I was unaware of the different versions of IDNA. I basically started using
the Perl module IDNA::Punycode in my project and assumed that this was the
only type. Seems like I need to do some more reading.

--
Mike Cardwell  https://grepular.com https://emailprivacytester.com
OpenPGP Key    35BC AF1D 3AA2 1F84 3DC3   B0CF 70A5 F512 0018 461F
XMPP OTR Key   8924 B06A 7917 AAF3 DBB1   BF1B 295C 3C78 3EF1 46B4

Attachment

signature.asc

Re: Hostnames, IDNs, Punycode and Unicode Case Folding

From

Andrew Sullivan

Date:

30 December 2014, 01:53:21

On Tue, Dec 30, 2014 at 12:53:42AM +0000, Mike Cardwell wrote:
> > Hmm.  How did you get the original, then?
>
> The "original" in my case, is the hostname which the end user supplied.
> Essentially, when I display it back to them, I want to make sure it is
> displayed the same way that it was when they originally submitted it.

Ah.  This gets even better™ for you, then, because whereas in IDNA2003
you can pass it an old fashioned LDH name (letter, digit, hypen),
IDNA2008 treats those as _outside_ the spec.  So basically, you first
have to get a label and determine whether it is LDH or not (you can do
this by checking for any octet outside the LDH range) and then you can
decide which way to process it.  In IDNA2003, the punycode output from
an LDH label turns out always to be the LDH label.  The reason for
this is that you're supposed to validate that a U-label is really a
U-label before registering in IDNA2008, and lots of perfectly good LDH
labels (like EXAMPLE) are not valid under IDNA2008 because of upper
case.

(If by now you think that maybe it's time for this DNS thing to get
replaced, you have company.)

> I was unaware of the different versions of IDNA. I basically started using
> the Perl module IDNA::Punycode in my project and assumed that this was the
> only type. Seems like I need to do some more reading.
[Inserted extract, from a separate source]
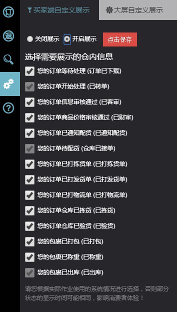 点击“开启展示”,选择需要在消费者端展示的状态,点击保存,即可开启。将从开启后生成的最新订单开始展示。

Yeah, this is all made much harder by the fact that several IDN
libraries still do 2003.  Here is one that many people are using for
IDNA2008:
<https://gitorious.org/libidn2/libidn2/source/0d6b5c0a9f1e4a9742c5ce32b6241afb4910cae1:>
It's GPLv3, though, which brings its own issues.

A

--
Andrew Sullivan
ajs@crankycanuck.ca

Re: Hostnames, IDNs, Punycode and Unicode Case Folding

From

Jonathan Vanasco

Date:

05 January 2015, 20:46:54

On Dec 29, 2014, at 5:36 PM, Mike Cardwell wrote:

> So the system I've settled with is storing both the originally supplied
> representation, *and* the lower cased punycode encoded version in a separate
> column for indexing/search. This seems really hackish to me though.

I actually do the same exact thing and don't think it's hackish.  I actually really like being able to see the punycode
nextto the human representation on simple db pulls.  It's barely more disk space and really useful.